We always favour ‘eating spots’ found by the way-side but, on this day we were forced to buy lunch from a shop we would have skipped on any other day. We figured out that the cooks were on an extended Avurudu vacation.
| Although, we did not have a choice of menu we did find a nice place to eat what ever that was on the menu.
The clouds were gathering in full-force. I had also to attend to some other fact-finding business along the way from which brought us through Dehiaththakandiya and Girandurukotte to Mahiyanganaya. Uneventful, I would say other than driving into and out of the huge pot at some badly maintained stretches of the ‘Raja Mawatha’. |
The 11 km long Mahaweli Canal up to Loggaloya was once again a nice drive……. if not for the pot holes…… The recent rains meant that all the wewas were full to capacity.
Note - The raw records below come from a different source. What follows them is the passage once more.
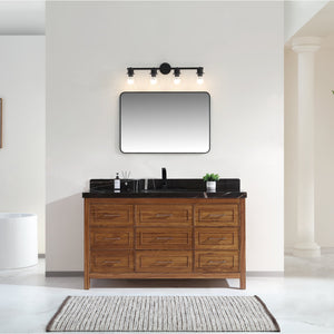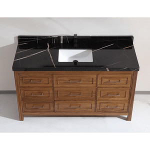 Legion Furniture 60" Ebony Single Vanity Light Finish with 2" Thick Black Natural Marble Countertop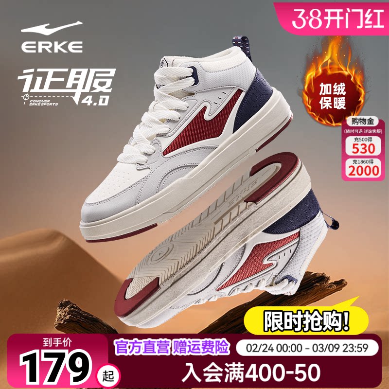 唐宫夜苑4鸿星尔克板鞋秋冬季高帮鞋子新款男鞋厚底休闲鞋运动鞋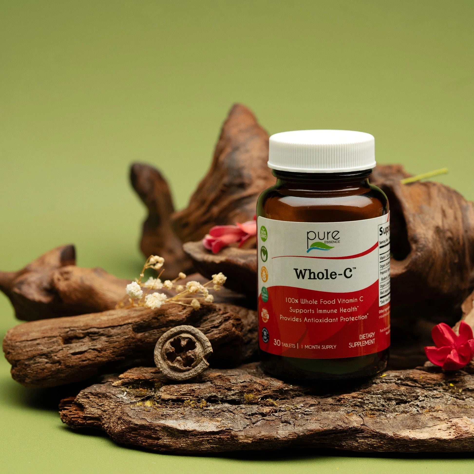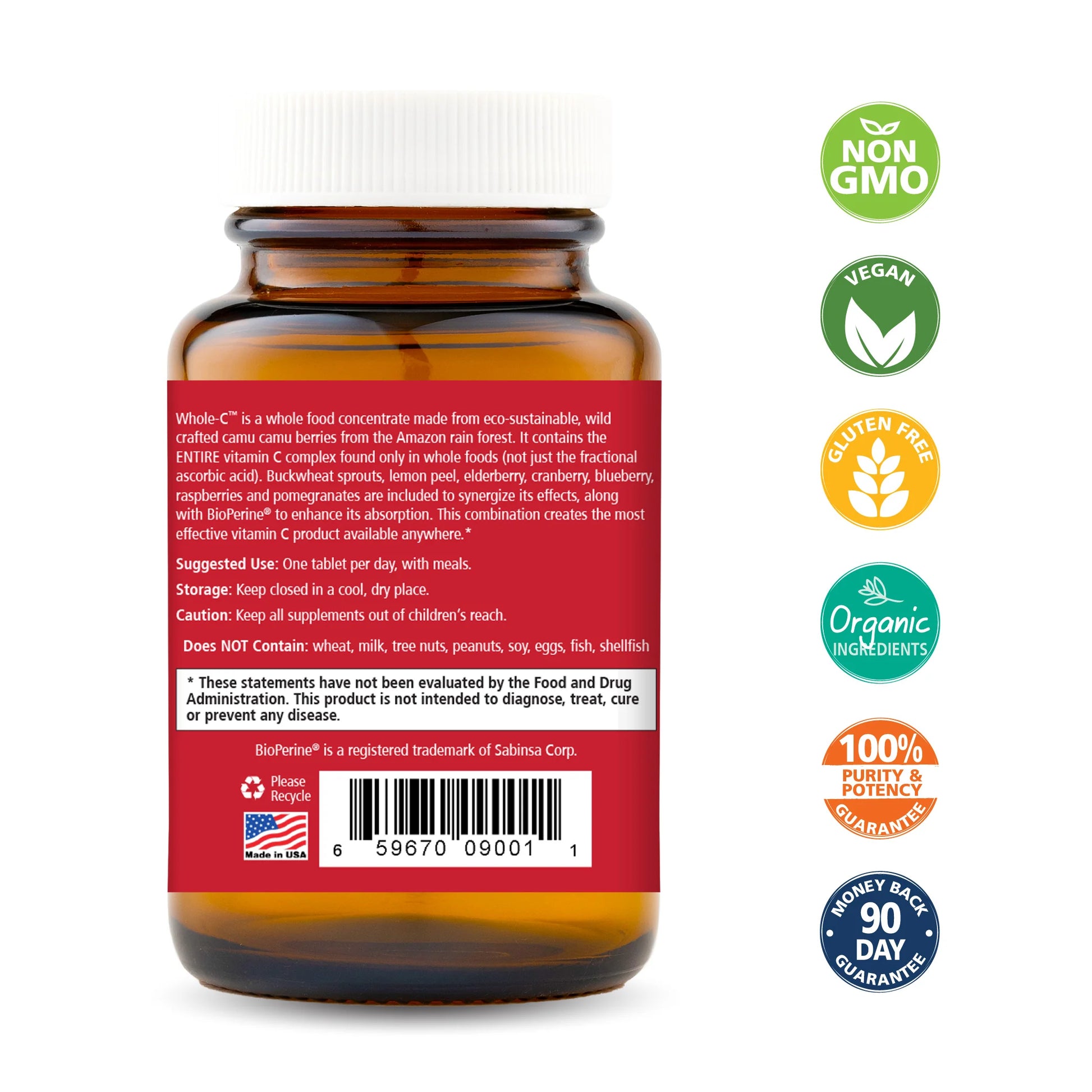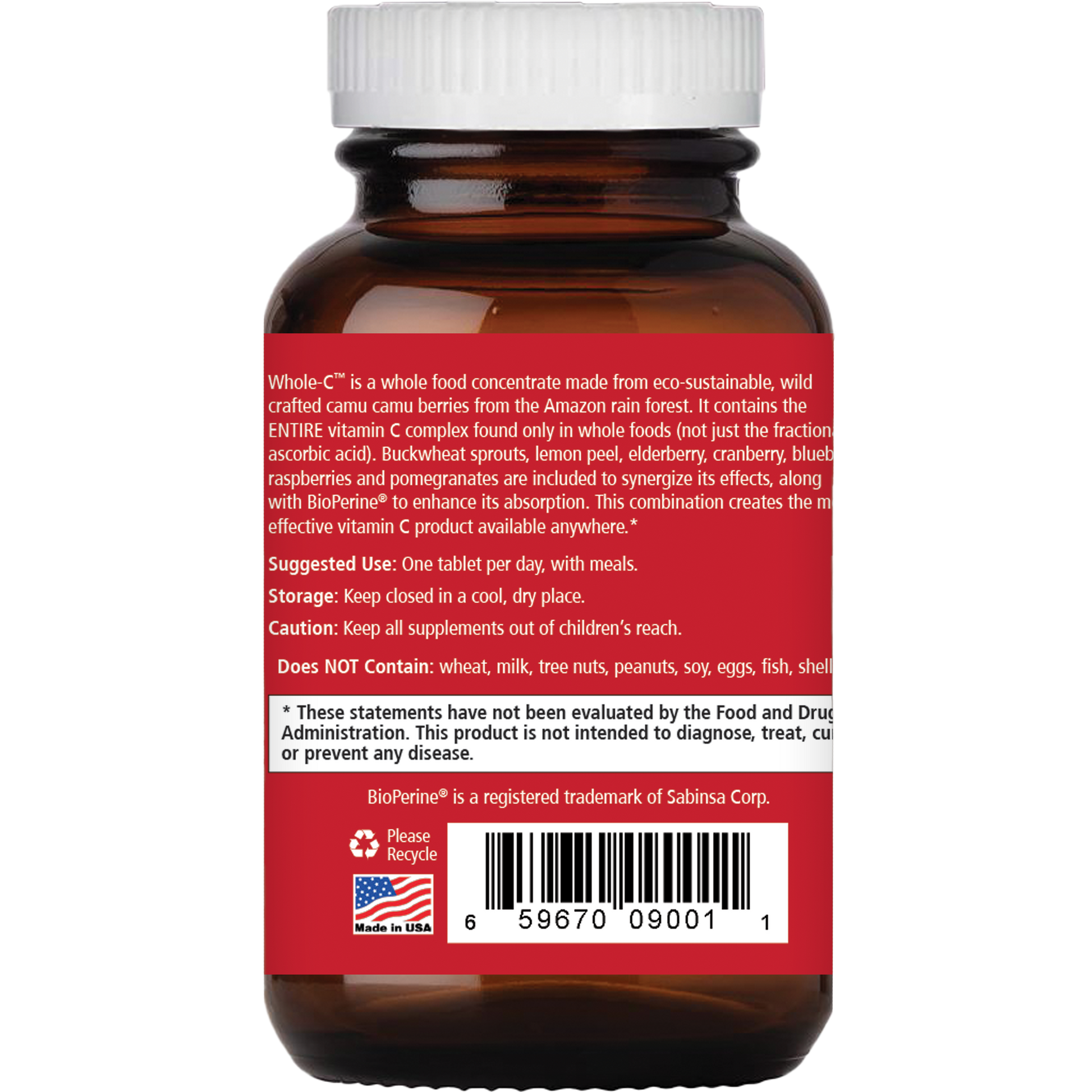 Whole-C is a whole food concentrate made from eco-sustainable, wildcrafted camu camu berries from the Amazon rain forest. It contains the ENTIRE vitamin C complex found only in whole foods (not just the fractional ascorbic acid). Buckwheat sprouts, lemon peel, elderberry, cranberry, blueberry, raspberries, and pomegranates are included to synergize the effects, along with BioPerine® to enhance absorption. Together, these ingredients Support Immune Health and Provide Antioxidant Protection.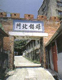 雄鎮北門位于鼓山區蓮海路,系二級古跡,為清同治年間沈葆楨請英國工程師設計督造的炮臺遺址,與對岸旗后山上的旗律砲臺“威震天南”共同夾守高雄港,也是清代從旗后往鳳山地區的必經之路。 今日,從哨船頭派出所旁小斜坡仰望,猶能感覺這座紅磚老城門雄峙堅屹的氣勢,雖然城門屢經重修,兩邊民舍緊緊擁靠,但門額上“雄鎮北門”四大字,依然穿透出虎虎英風。 乘車風向標: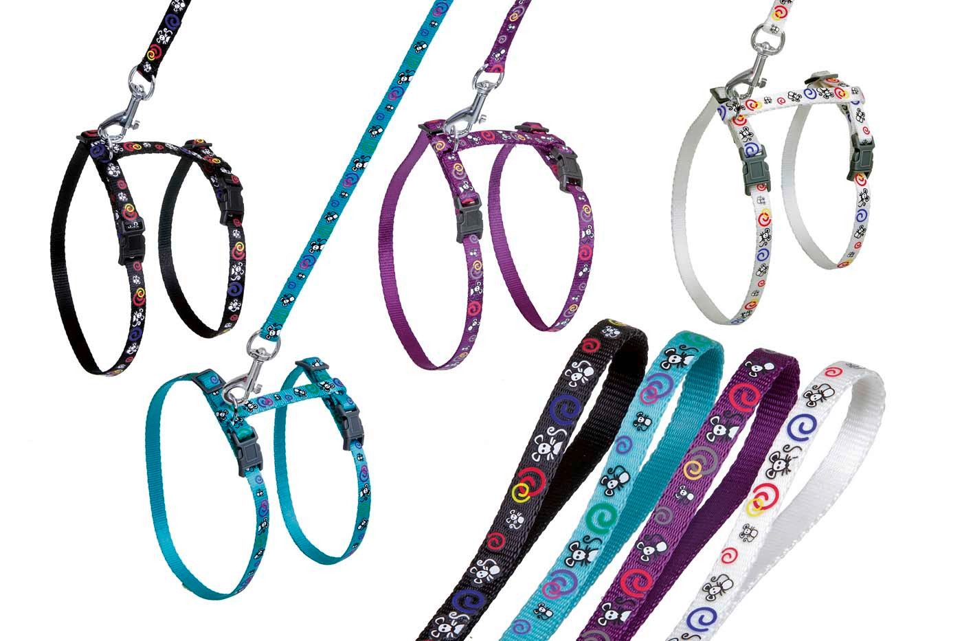 Katzengeschirr mit Leine, stufenlos verstellbar, mit Klickverschluss.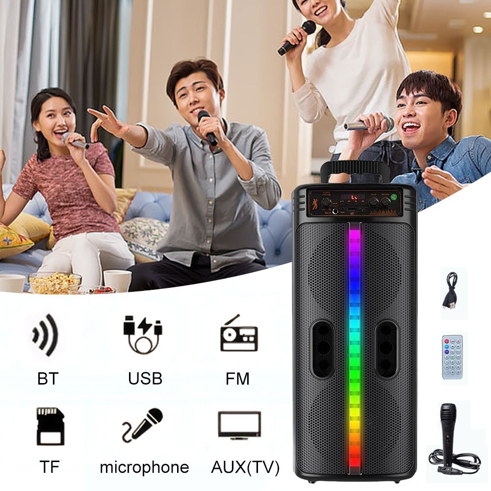 Dual 8 Woofer Portable FM Bluetooth Party Speaker Heavy Bass Sound With Mic LED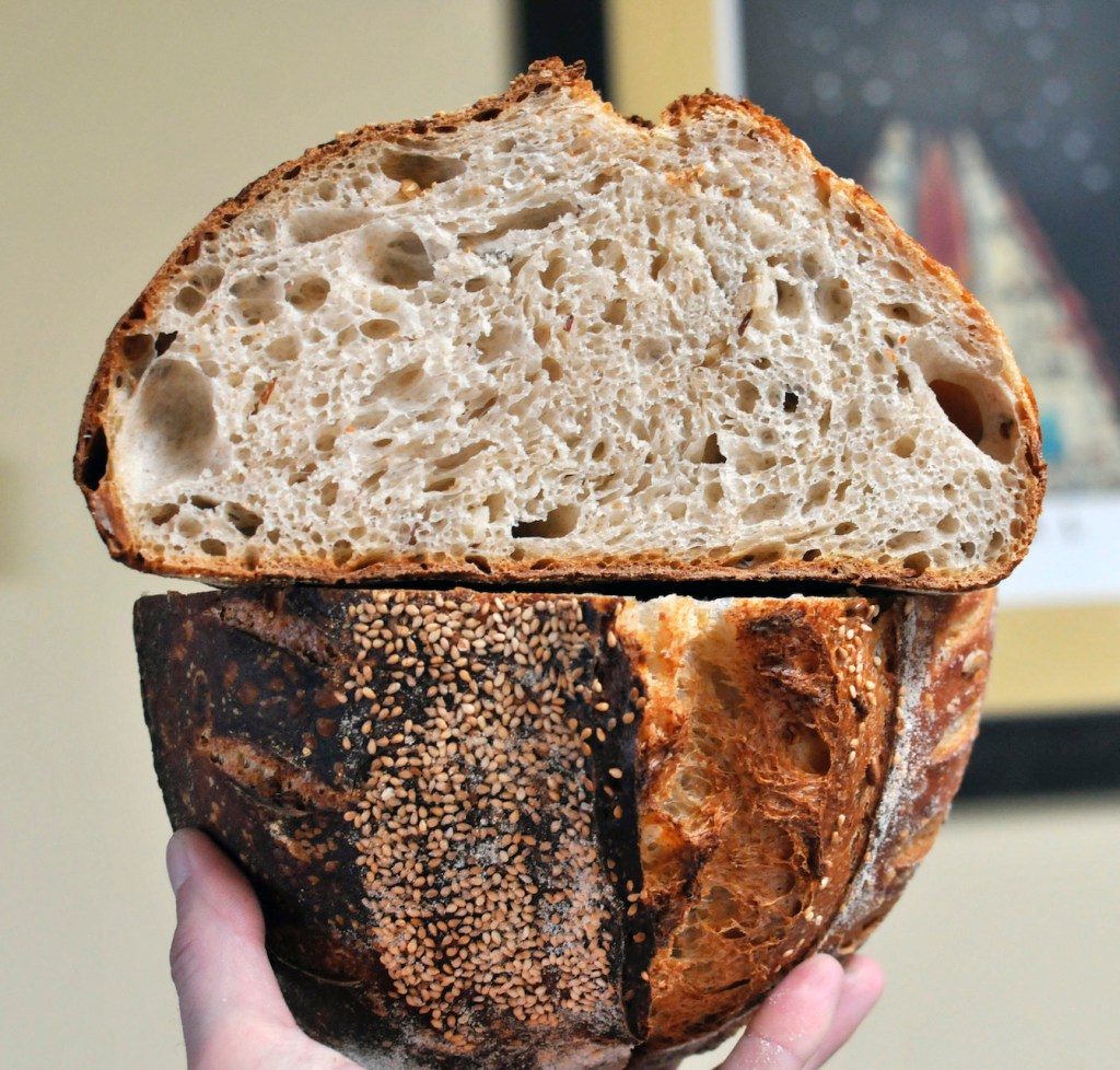 I’m really happy with how these loaves turned out. The honey is subtle but was apparent when the loaves first came out of the oven. The shaved almonds and sunflower seeds are distributed very well throughout the crumb. Next time I might try adding more of each, or using solely shaved almonds.
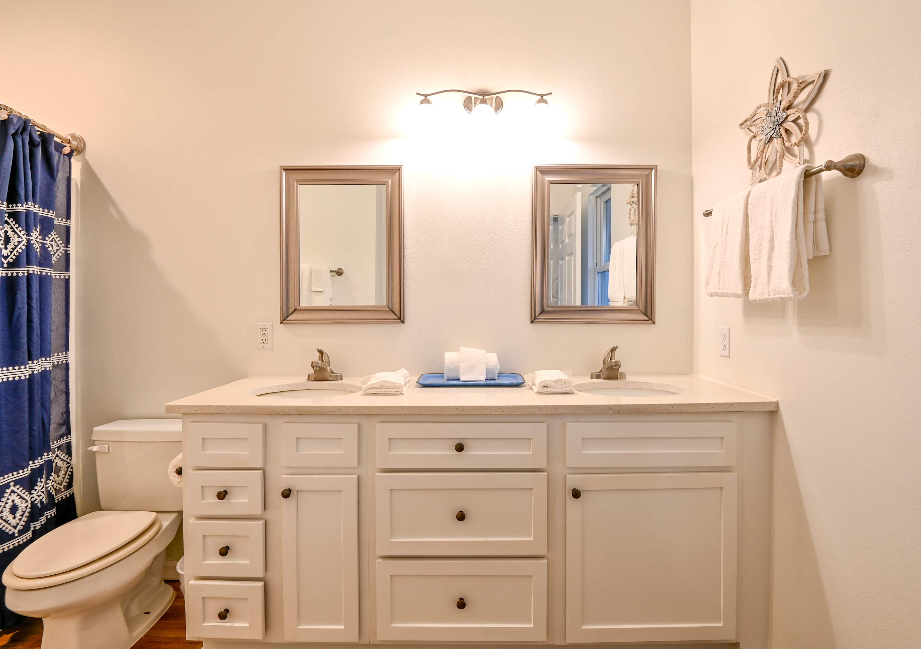 Away from the more high traffic areas of the public beaches and downtown Gulf Shores community, the welcoming 4-bedroom home of White Caps is a peaceful haven designed to fulfill all your beach vacation desires. Housed within the quiet, family friendly community of Heritage Shores, you’ll be advantageously sandwiched between the expansive Gulf of Mexico and the more tranquil Bon Secour Bay, with all manner of water-themed activities at your fingertips! Your stay also includes $400 in FREE area attraction tickets! You’ll receive one free ticket daily to the best area attractions including the Theme Park at OWA, offshore fishing, premier golf courses, dolphin cruises and more!

It was late evening by the time we reached Loggaloya and we had to stop by the Loggaloya Reservoir to have a cup of plain tea.
Loggaloya was nothing much that day compared to what it usually is especially early in the morning. The catchment areas were already experiencing rain which reminded me of the possibility of Loggaloya reservoir overflowing towards the early hours the following day.

It was late into the evening… yet, the determined (sand miners) had not closed shop for the day reminding us that life was not at all easy.
On to Badulla where we spent some time in a queue for petrol and then it was back home – Bandarawela………………………. Tired.